Apply the yaml by running:
$kubectl apply -f pytorch.yaml
It takes a bit for the image be pulled, but once you have a running and happy pod, check the logs. You should see something like this:
Train Epoch: 14 [49920/60000 (83%)] Loss: 0.005754
Train Epoch: 14 [50560/60000 (84%)] Loss: 0.020804
Train Epoch: 14 [51200/60000 (85%)] Loss: 0.041091
Train Epoch: 14 [51840/60000 (86%)] Loss: 0.006053
Train Epoch: 14 [52480/60000 (87%)] Loss: 0.011002
Train Epoch: 14 [53120/60000 (88%)] Loss: 0.006395
Train Epoch: 14 [53760/60000 (90%)] Loss: 0.002569
Train Epoch: 14 [54400/60000 (91%)] Loss: 0.035599
Train Epoch: 14 [55040/60000 (92%)] Loss: 0.012277
Train Epoch: 14 [55680/60000 (93%)] Loss: 0.014047
Train Epoch: 14 [56320/60000 (94%)] Loss: 0.008090
Train Epoch: 14 [56960/60000 (95%)] Loss: 0.031709
Train Epoch: 14 [57600/60000 (96%)] Loss: 0.001116
Train Epoch: 14 [58240/60000 (97%)] Loss: 0.078053
Train Epoch: 14 [58880/60000 (98%)] Loss: 0.000317
Train Epoch: 14 [59520/60000 (99%)] Loss: 0.036699
Test set: Average loss: 0.0282, Accuracy: 9907/10000 (99%)
Let's try one more.
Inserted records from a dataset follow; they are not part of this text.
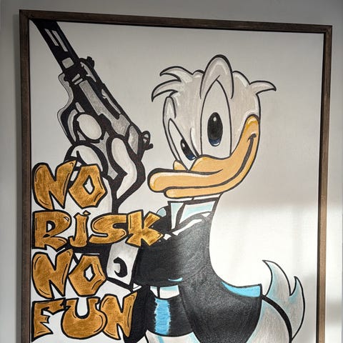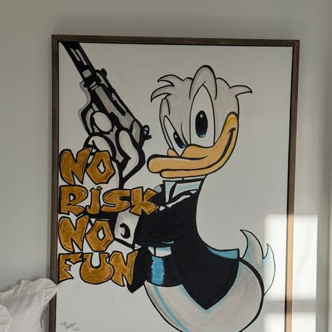 Bildet er malt for hånd, signert av kunstner, og rammet inn i en solid treramme.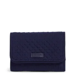 This small but hardworking Vera Bradley wallet keeps your life organized with plenty of interior slips for cash, cards, coins and ID, and two pin-snap closures. Smart technology with worry-free, RFID-blocking liner protects your credit and debit cards from unwanted scans. And it’s as pretty as it is practical in a classic navy blue microfiber fabric with a patterned lining.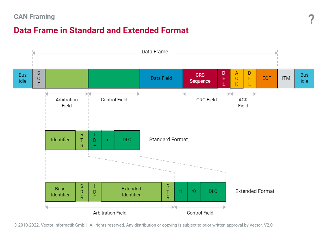 在SOF后试一个帧的ID,这个一方面是代表了数据帧的优先级,另一方面是在接收端用于区分是否是自己需要的数据。在标准格式中,ID后的RTR(Remote Transmission Request)是总线层面实现的请求一个节点数据的。一个显性的电压代表这是一个普通的传输数据帧,反过来如果是隐性的电平,那么就是一个请求数据帧。这个数据请求帧没有Data Field,其他的与数据帧组成相同。在汽车领域这个功能一般很少被用到。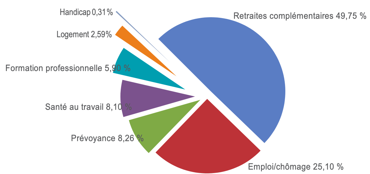 À ces deux principales composantes s’ajoutent, pour un total d’un quart du paritarisme stricto sensu, des politiques et dépenses relevant de la prévoyance, du logement (l’effort des employeurs pour la construction, c’est-à-dire le fameux « 1% ») et de la santé au travail.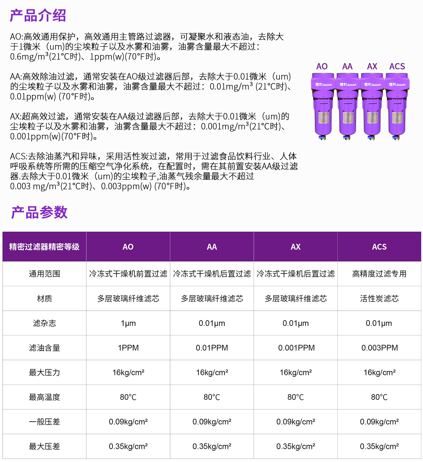 精密过滤器为了能达到高精密过滤品质,采用了捷豹自主研发技术以及多层不同过滤材质,其中包含了硼矽酸盐的纤维层、玻璃纤维层,活性炭层、多层不织布层及不锈钢护网层。使输出的气体真正达到无油,无杂质高品质空气。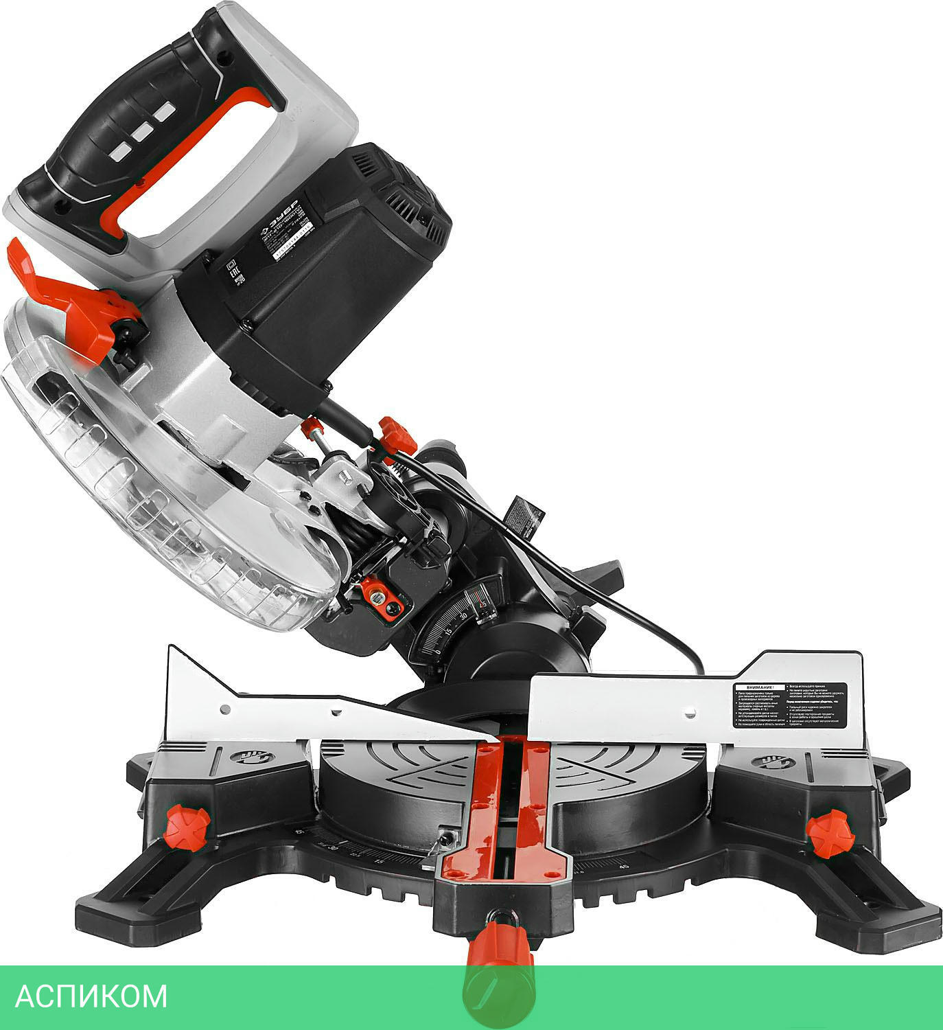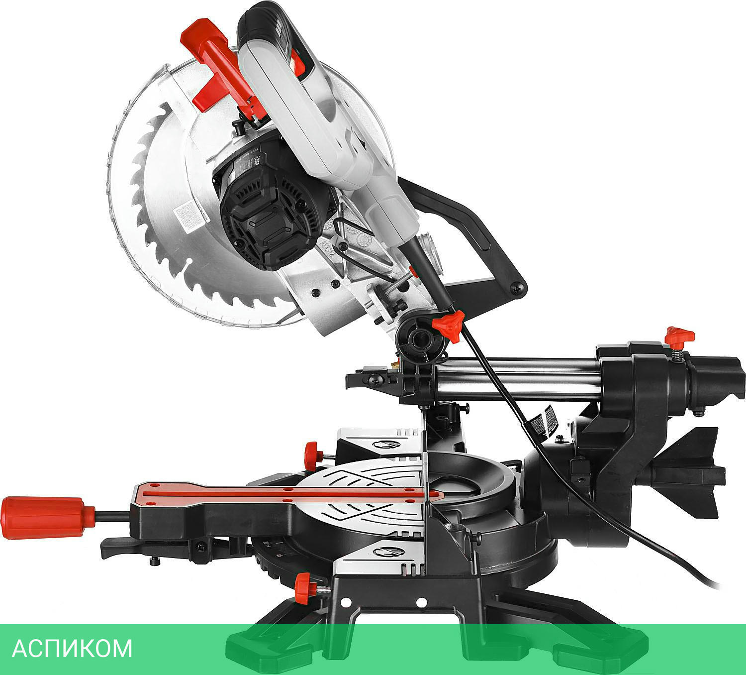 пила торцовочная 1 шт., диск пильный (установлен) 1 шт., удлинители стола 2 шт., струбцина 1 шт., мешок для сбора пыли 1 шт., ключ гаечный 1 шт., руководство по эксплуатации 1 экз.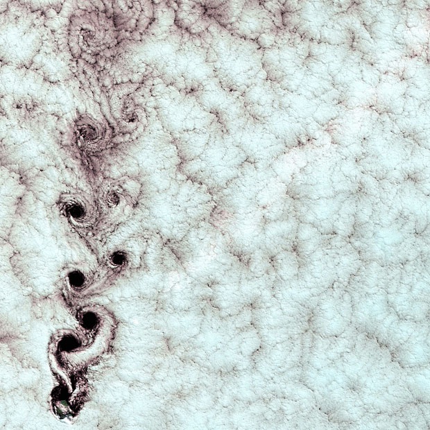 Облако Вон Кармана над островом Александр Селкерк, Чили. Эти облака выглядят так, будто в них специально сделали дырки. На самом деле это естественные воронки, которые образуются из-за вихревых потоков в облаках. На этой фотографии воронку в облаке (закручивается в левой части снимка) образовывает горная вершина на острове Александр Селкерк (слева снизу), которая как бы разрывает движимое ветром облако. Снимок сделан датчиком Enhanced Thematic Mapper Plus на спутнике NASA Lansat 7.
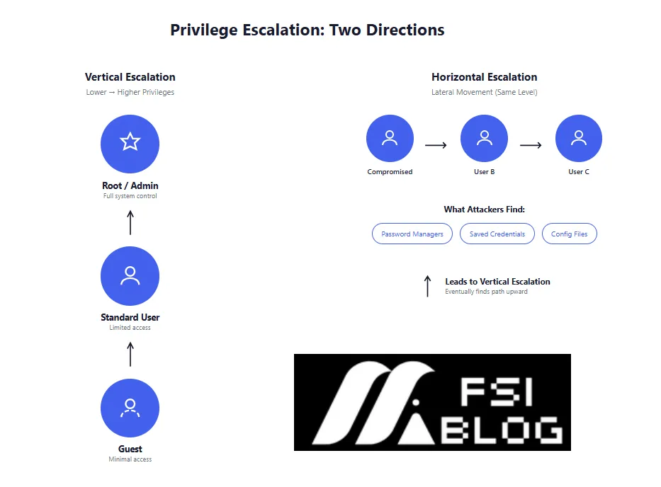 Security folks break privilege escalation into two categories, and understanding the difference matters because they require different defenses.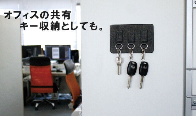 キーホルダー単体にもマグネットが入っているので、鉄製のモノにくっ付けておくことも可能です。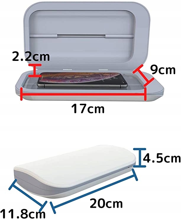 - Идеальный размер: коробку для дезинфекции можно использовать для мобильных телефонов размером до 7 дюймов. Внешние размеры УФ-стерилизатора — 20 х 11,8 х 4,5 см, внутренние — 17 х 9 х 2,2 см.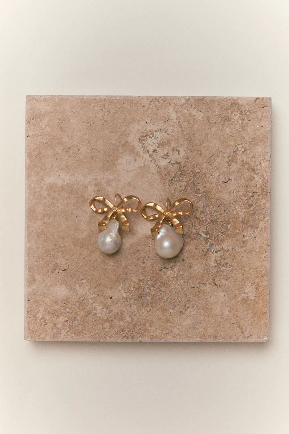 Inspirados en la joyería de la antigua Roma, los pendientes Flavia combinan la ligereza de una filigrana en forma de lazo con la pureza atemporal de una perla barroca. Este tipo de diseño fue especialmente popular entre la aristocracia durante el Siglo de Oro español, y aún hoy puede apreciarse en retratos de la época, donde destacan detalles similares.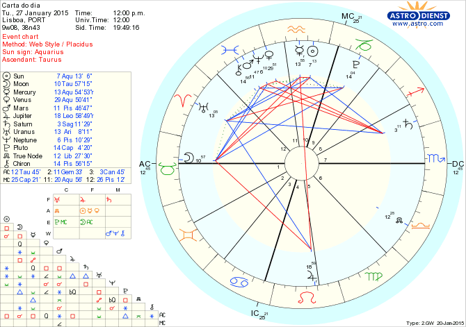 É provável hoje também vermos o resultado de esforços passados que encontram agora expressão e tem bons ecos externos com Mercúrio retrógrado em Aquário em sextil a Urano e oposto a Júpiter. Como o Nódulo Norte em Balança, regido por Vénus em trânsito em Aquário também está envolvido numa oposição a Urano, quadratura a Plutão e sextil a Mercúrio, a chave está em dialogar, chegar a novos compromissos e reposiciomamentos nas relações e dependências pessoais, financeiras ou políticas que nos situam em grupo, no colectivo, no mundo e que ganham com reformas radicais… os céus parecem facilitar a vida dos gregos…

Create the file tensor.yaml and include this content:
apiVersion: apps/v1
kind: Deployment
metadata:
name: tensorflow-jupyter-notebook
labels:
app: tensorflow-jupyter-notebook
spec:
replicas: 1
selector:
matchLabels:
app: tensorflow-jupyter-notebook
template:
metadata:
labels:
app: tensorflow-jupyter-notebook
spec:
containers:
- name: tensorflow-container
image: nvcr.io/nvaie/tensorflow-2-3:22.09-tf2-nvaie-2.3-py3
ports:
- containerPort: 8888
command: ["jupyter-notebook"]
args: ["--NotebookApp.token=''"]
resources:
requests:
nvidia.com/gpu: 1
limits:
nvidia.com/gpu: 1
imagePullSecrets:
- name: regcred
A few yaml notes. We are pulling the tensorflow-2-3 image and running the jupyter-notebook command. Again we are requesting 1 GPU and using our pull secret to pull the image. Also note that the jupyter-notebook app is being exposed on container port 8888.
Deploy the yaml like so:
$kubectl apply -f tensor.yaml
Again the image takes a bit to pull. Once it does and you have a happy pod, expose your application in whatever way you want so you can connect to the jupyter notebook app via a web browser. I simply did a kubectl port-forward like so:
$kubectl port-forward -n default deployment/tensorflow-jupyter-notebook 8888:8888
Now I can access the app via localhost:8888 in my browser.
I haven't even begun to explore all the capabilities of these Nvidia NIM containers, but it appears to me that Nvidia has taken much of the challenge of installing and configuring capabilities and models so you don't have to. And once you have them running you can incorporate them into your AI solutions using all of the capabilities of OpenShift. Looks like Nvidia is making our lives easier. I hope to be able to play with these some more.